Just days after a trade-truce with China, the United States says talks will start back up next week.

(SOUNDBITE) (English) WHITE HOUSE ECONOMIC ADVISER LARRY KUDLOW, SAYING: "We've been accommodative.

We will not lift tariffs during the talks." White House Economic Adviser Larry Kudlow spoke to reporters on Wednesday (July 3), saying though tariffs on China won't be lifted, the U.S. is opening up when it comes to exports.

(SOUNDBITE) (English) WHITE HOUSE ECONOMIC ADVISER LARRY KUDLOW, SAYING: "We are hoping that China will tow its end of it by purchasing a good many American imports, agriculture, agricultural services, maybe industrial, maybe energy -- it's not done yet, but we're hopeful." China might already be working on that.

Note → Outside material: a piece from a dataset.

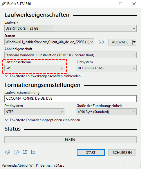 Nachdem Sie die Windows 10 ISO-Datei mit dem Media Creation Tool erstellt haben, können Sie auch Rufus nutzen, um Windows 10 Live-USB zu erstellen. Folgen Sie den nachstehenden Anweisungen:

According to a U.S. rice trade group, a private importer in China last week bought U.S. rice for the first time ever.

They say 40 tonnes of medium grain rice has been milled and packaged.

It's unclear whether the purchase was a goodwill gesture from Beijing, but it comes after another big sale last week: 544,000 tonnes of U.S. soybeans.

China was a major buyer of U.S. soybeans and pork before the trade war started, and after his meeting with Chinese President Xi Jinping Trump said China had agreed to make new purchases of U.S. farm products.

White House officials say talks are heading in the right direction, but it would take time to get the right deal made.

And President Trump this week made clear what his expectations are.

(SOUNDBITE) (English) U.S. PRESIDENT DONALD TRUMP DISCUSSING CHINA, SAYING: "So obviously, we can't make a 50/50 deal.

It has to be a deal that is somewhat tilted to our advantage." This all comes as the U.S. trade deficit hit a five-month high in May.

The Commerce Department on Wednesday said the trade deficit surged over 8% to 55.5 billion dollars.

Experts point to tariffs on Chinese goods.

(SOUNDBITE) (English) BANKRATE, SENIOR VICE PRESIDENT, CHIEF FINANCIAL ANALYST, GREG MCBRIDE, SAYING: "The increase in the trade deficit is entirely related to tariffs.

What we saw imported in larger numbers were things that would otherwise be subject to tariffs, things like automotive goods, industrial goods, capital goods, machinery, the type of things that might otherwise be subject to tariffs later, so there's a real incentive to get that stuff onto U.S. shores now before tariffs are applied." The U.S. still has 25% tariffs on 250 billion dollars worth of Chinese products, ranging from semi-conductors to furniture.